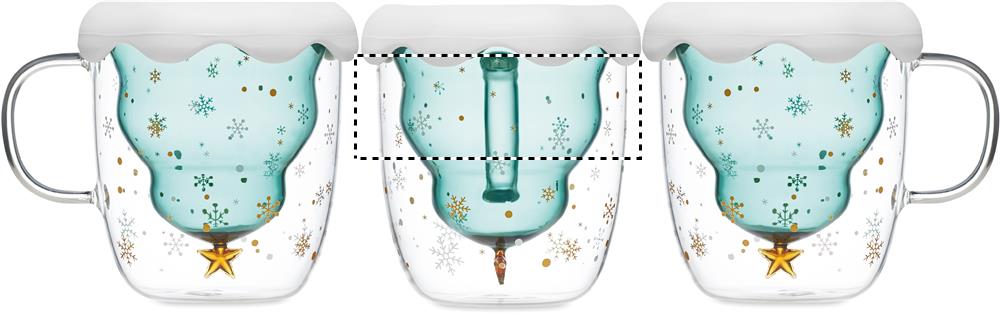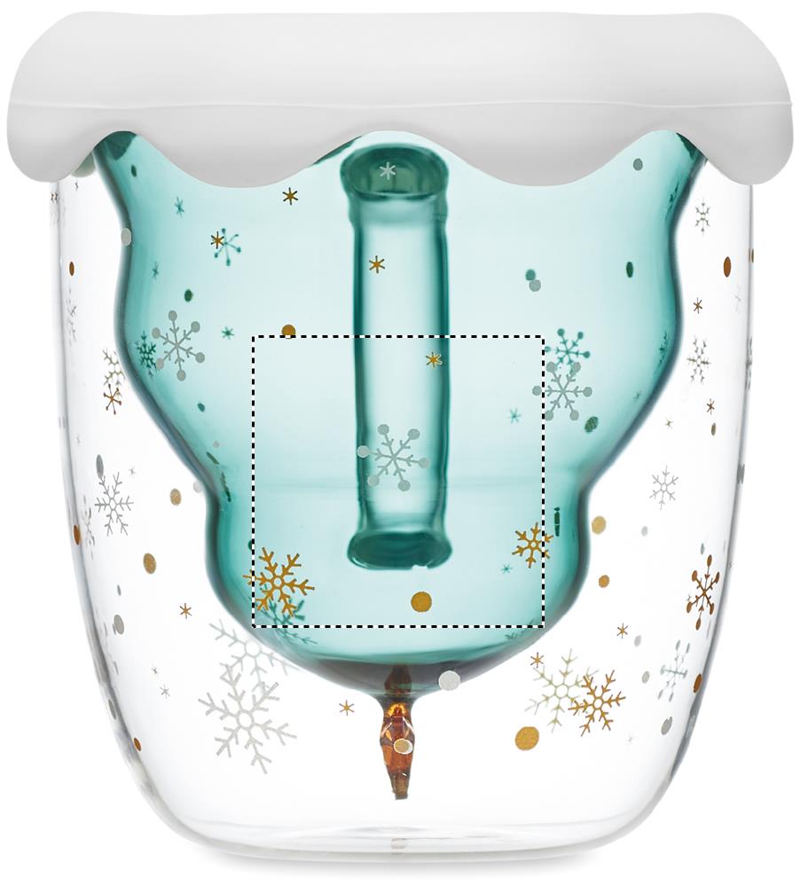 Кружка с двойными стенками из боросиликатного стекла с сезонным дизайном, силиконовой крышкой и подставкой. Объем: 250 мл.
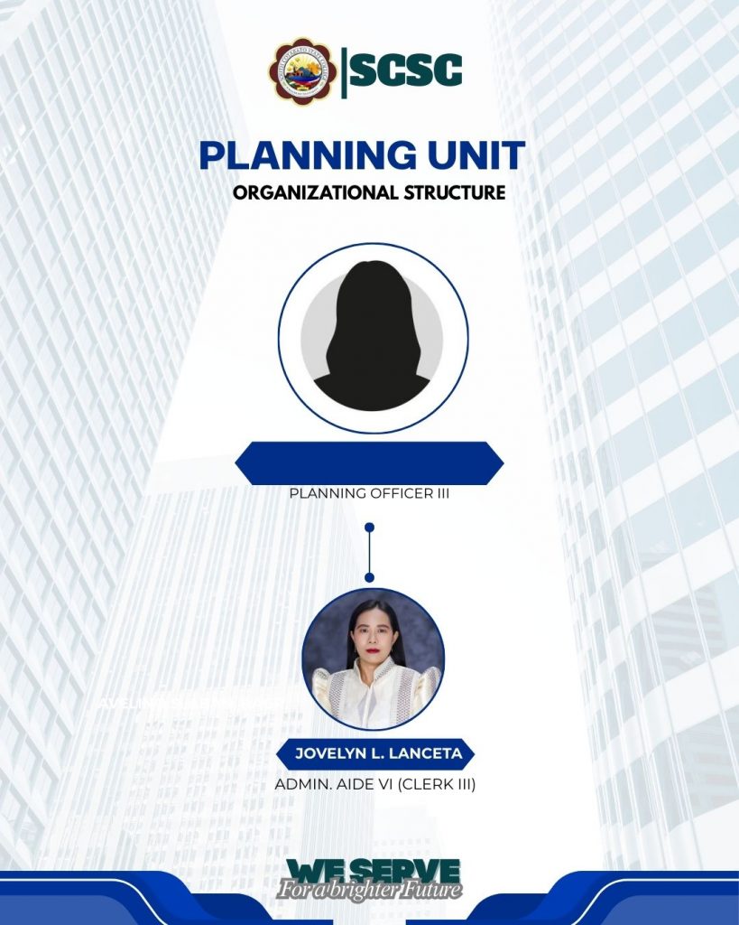 The SCSC Planning Unit is responsible for developing, coordinating, and monitoring the strategic and operational plans of the College to ensure alignment with its vision, mission, and government policies. It conducts research, collects data, and analyzes institutional performance to inform policy formulation, program development, and decision-making. The unit prepares annual and long-term plans, monitors the implementation of projects and programs, and evaluates outcomes to assess effectiveness and impact. It also provides technical guidance to departments, ensures compliance with planning standards, and supports evidence-based management to promote institutional growth, resource optimization, and sustainable development.
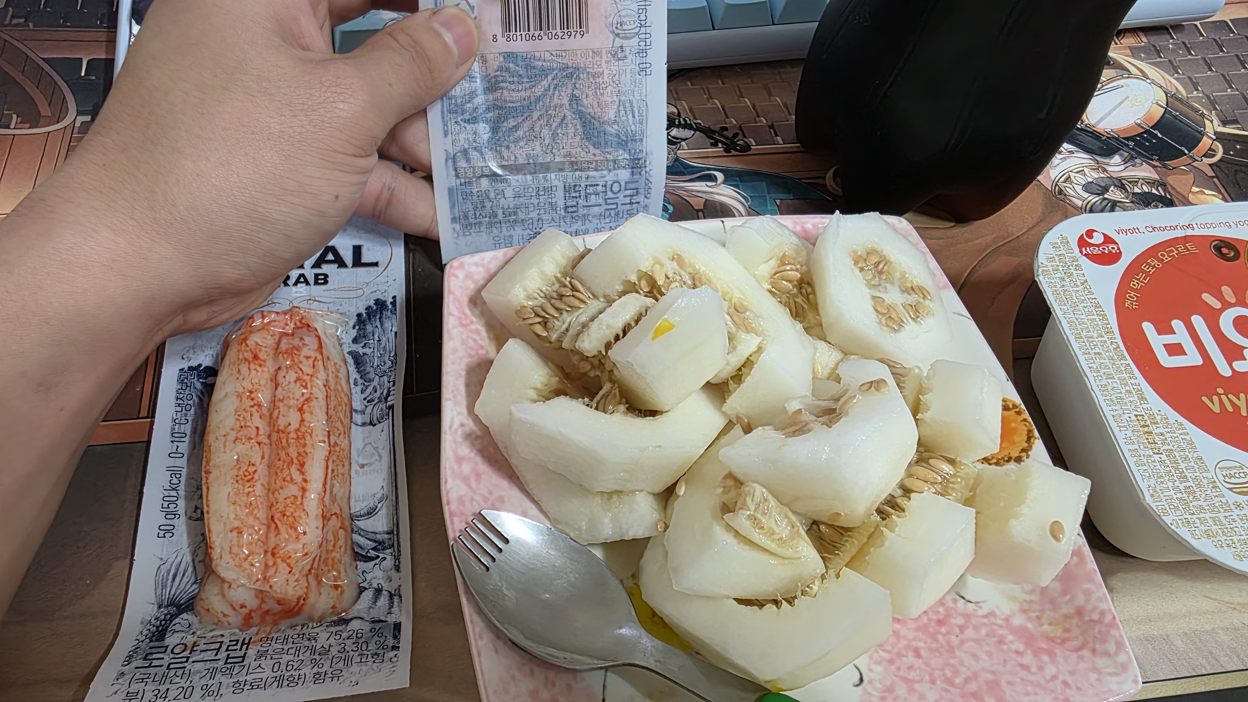 - 간식 : 비요뜨 1개, 맛살 1개, 참외, 요거트

Task objective >> Transcribe the lines above exactly, setting aside any picture among them.

Result for this task >>
 Кружка с двойными стенками из боросиликатного стекла с сезонным дизайном, силиконовой крышкой и подставкой. Объем: 250 мл.
 The SCSC Planning Unit is responsible for developing, coordinating, and monitoring the strategic and operational plans of the College to ensure alignment with its vision, mission, and government policies. It conducts research, collects data, and analyzes institutional performance to inform policy formulation, program development, and decision-making. The unit prepares annual and long-term plans, monitors the implementation of projects and programs, and evaluates outcomes to assess effectiveness and impact. It also provides technical guidance to departments, ensures compliance with planning standards, and supports evidence-based management to promote institutional growth, resource optimization, and sustainable development.
 - 간식 : 비요뜨 1개, 맛살 1개, 참외, 요거트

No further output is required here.